Why You Should Not Become a Freelance Writer
Type “freelance writing” into your Google search bar, and you’ll be assaulted with thousands of articles detailing the joys of freelancing. Titles like, How to make a full-time income as a freelance writer, and, 5 Reasons You’ll Love Freelancing make this job seem a lot more glamorous than it often is.
Don’t get me wrong, there is a lot to love about freelance writing, namely the freedom it represents. You can work from home, have flexible hours, and there’s no boss breathing down the back of your neck.
But, there’s also a lot to dislike about freelance writing. Mommy bloggers and self-help gurus looking to sell their e-books will tell you that anybody can be a freelance writer. Which, technically, is true, but not everyone can be a successful freelance writer.
Freelance writing is still just a job, and it's not a one size fits all. Not everyone is capable of thriving as a freelance writer, just like not everyone would be happy as a nurse, welder or lawyer. I, for instance, would be a terrible surgeon— I can’t stand the pressure of holding someone’s life in my hands, and I tend to have a weak stomach.
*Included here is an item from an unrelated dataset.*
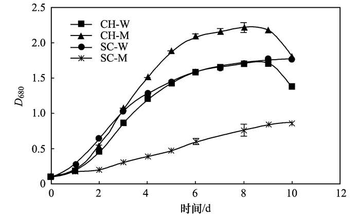 將4種微藻CH-W、CH-M、SC-W、SC-M按照初始濃度D680=0.1分別接種到城市污水原污水中.每天測一次D680值監(jiān)測其生長情況(圖 1).由圖 1可知, CH-M、CH-W、SC-W藻種在污水中生長情況良好, 具有較強耐污性能, D680最高可達1.5以上, 其中CH-M藻種D680最高.而SC-M藻種雖能保持持續(xù)生長, 但生長速率較低.后期的觀察發(fā)現(xiàn), CH-W與CH-M分別于第9d進入快速衰亡期, 而SC-W、SC-M均可以長時間保持在生長穩(wěn)定期.從穩(wěn)定性培養(yǎng)的角度看SC-W、SC-M更具有優(yōu)勢.

The issue is that anybody looking to start freelance writing is only ever given the positives, so they’re later blindsided by the negatives that accompany this job. Some of them, falsely believing that anybody could be happy as a freelance writer, will be unprepared for the moment they realize they hate it.
I’m not trying to discourage anyone, but I also want to discuss the reality of freelance writing, rather than only the best case scenario. There are plenty of reasons why you should become a freelance writer, but there are also plenty of reasons why you shouldn’t.
You aren’t just a writer, you’re also a manager, customer service rep, salesman and accountant
In many ways, becoming a freelance writer is a lot like owning your own business. Not only do you have to create quality content, but you also have to find clients to pay for that content. Unless you happen to be a big-name writer, nobody is going to seek you out.
You’re also in charge of communicating with clients and working out any issues that might arise. There will be difficult clients — who just can’t seem to figure out what they want — and maybe even clients who try to con you. Unlike other jobs, you won’t be able to hand these people off to HR or ask your boss for guidance. You are the boss.
Even when you do manage to snag great assignments, you still have to fill the role of a manager. In a regular workplace, a supervisor helps motivate you to finish your work as well as call you out when you’re doing something wrong. However, when you’re a freelance writer, you’re solely responsible for any work you produce. Nobody is managing you or keeping you on track but yourself.
For some people, the freedom to work for yourself is the reason why they get into freelance work. But it’s important to realize that not everyone likes being their own boss. Some people are more efficient when they only have to worry about completing their assignments rather than the stress brought on by managing money and clients.
It is crucial for you to realize what category you fall into. You might not know yet, and maybe dipping your toe into the world of freelance will help you find out. But, if you’re the kind of person who withers under the pressure of self-management, you shouldn’t force yourself into freelance writing. That’s not the only way you can succeed as a writer.
Freelance writing can be very isolating
Everyone wants to work from home. I log onto Instagram, and I’m spammed with enticing ads that tell me how I can make “$5,000 a month from the comfort of my bedroom”.
I get it. Nobody likes having to wake up at eight in the morning and put on something professional before they head into the office. It’s a lot more tempting to do your work in your own space, or while sipping coffee at Starbucks.
That being said, many people underestimate the amount of social stimulation a workplace environment can provide. Even if you do have to get up early and deal with traffic, you still get to spend your day around people. You can goof off with co-workers, and speak face-to-face with your boss.
Working from home might not be a big deal for someone who’s extremely social and often interacting with friends, but for introverts who spend a lot of time alone anyway, it can feel isolating.
Some people can conquer this loneliness by being more social in their private life — such as going out with friends more, joining a class, or meeting people online — but other people still need to spend their day in a real workplace to feel socially connected.
The income is uncertain
Working for a company comes with security. In addition to benefits like insurance and vacation days, you also get the promise of a steady paycheck.
The same cannot be said for freelance writing. You’ll go through dry spells, where your assignments are scarce and you’re barely scraping by, but you’ll also experience times when you feel overwhelmed by the amount of work you need to do.
Some freelancers deal with uncertainty by saving their money. When they have an inflow of income, they’ll stash part of it away for those times when they’re short on cash. Still, the anxiety of not knowing how much you might make next month can be crippling. For all of its freedom, freelancing cannot promise security. This is the same reason why so many people hesitate to do this job full-time. It’s often better to work for a steady paycheck and do freelance writing part-time.
There is a silver lining
Freelance writing isn’t all endless freedom and wads of cash — it’s also a time-consuming business, sometimes lonely, and full of uncertainty.
This might all sound bleak, but I’m not trying to discourage you from chasing your dream. The good news is that if you truly do want to become a freelance writer, the problems I listed above all have solutions. You can improve your self-management style, be more social and save your money. It won’t be easy, but anything worth having never is.